LOS ANGELES — While job growth and the California economy remain strong, weakness is apparent in the state’s housing market and it is likely to cool further going into 2020, according to the latest UCLA Anderson Forecast, released Wednesday.
“The housing markets are softening in California, and it’s not just the tony neighborhoods of San Francisco, Silicon Valley and West LA,” said Jerry Nickelsburg, an adjunct professor at UCLA and director of the Anderson School of Management’s forecast. “This is a statewide phenomenon.”
The economist said anticipated demand for housing throughout the state has been lacking despite the strength of the state’s overall economy and positive trends in the job market.
Nickelsburg said the slowdown in the state’s housing market also has implications for the California economy going forward. In addition, the housing slowdown could put a damper on Democratic Gov. Gavin Newsom’s plans to step up the pace of new homes built to help ease the state’s housing shortage.
“With our national forecast for slowing economic growth, continued discussion on when the next recession will be, and the Fed indicating that the peak of the interest rate cycle could be near, we now expect weaker housing markets into 2020,” Nickelsburg wrote in the forecast report. “As a consequence, our forecast for housing starts in 2019 and 2020 has been revised downward, with a recovery in building beginning in 2021.”

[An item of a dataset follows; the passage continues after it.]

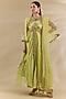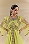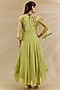 Featuring a green long kurta in organza and cotton silk base with embroidery. It is paired with pants and a dupatta. Accentuate it with statement earrings and heels for a festive, sangeet or mehendi ceremony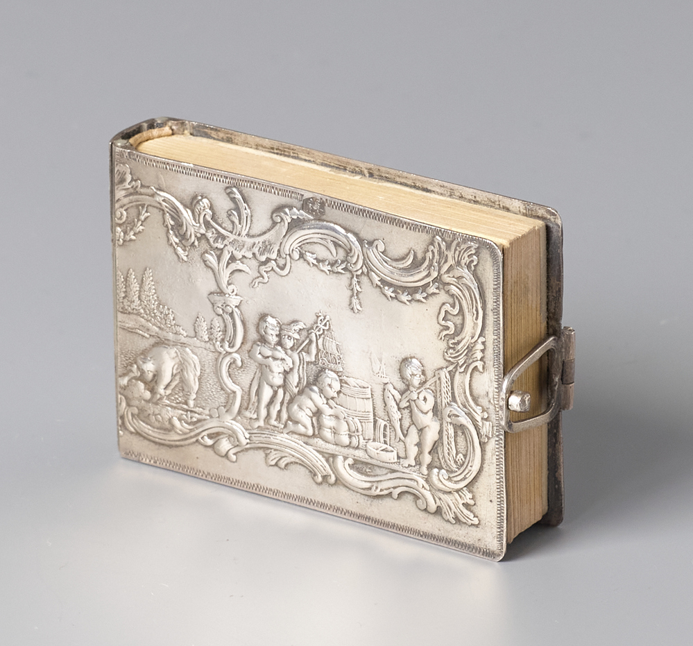 Smal boekje met zilveren rug en buitenblad met sluiting- Trefwoorden

While the housing market is slowing, the state’s job growth remains strong, according to the forecast. It said California’s average unemployment rate is expected to rise to an average of 4.5 percent in 2019 with slower national economic growth, and then at a pace of 4.3 percent in 2020 and 2021.
California added the highest number of construction jobs nationally between January 2018 and 2019, according to the Associated General Contractors of America. The state added 28,500 jobs, or an increase of 3.4 percent during the period.
Meantime, Nickelsburg said home prices are falling in many major markets of the Golden State, calling the decline “widespread and substantial.”
The economist said the impact of the cooling is even being felt in the Central Valley of California, where home sales have fallen by more than 10 percent.
In Southern California and the San Francisco Bay Area, home sales fell to an 11-year low in January, according to CoreLogic. The analytics provider reported sales have fallen on a year-over-year basis in the Bay Area the past eight consecutive months, while in Southern California sales have fallen on a year-over-year basis in the last six consecutive months.
At the same time, the nation’s most populous state continues to suffer from a chronic housing shortage.
“Home prices are falling in California as is the level of building,” Nickelsburg wrote. He said one possible explanation is “higher mortgage interest rates are depressing prices but not the underlying demand.”
Another possibility behind the housing slowdown is prices are “so expensive that everyone (well a lot of everyone) is leaving,” the economist added.
Newsom, who assumed the governorship in January, this week announced an updated plan to ease the state’s “housing cost crisis.” The Democrat proposed a $1.75 billion housing package, including $1 billion in loans and tax incentives to spur low-, mixed- and middle-income housing production.
The governor wants to build 3.5 million new housing units in the state by 2025, or an average of about 500,000 a year. But there were only about 120,000 new homes built in 2018.
Newsom is pressing cities and counties to meet those ambitious housing expansion targets. Some of the steps are controversial, such as threatening to take away transportation funds from cities that fail to meet targets.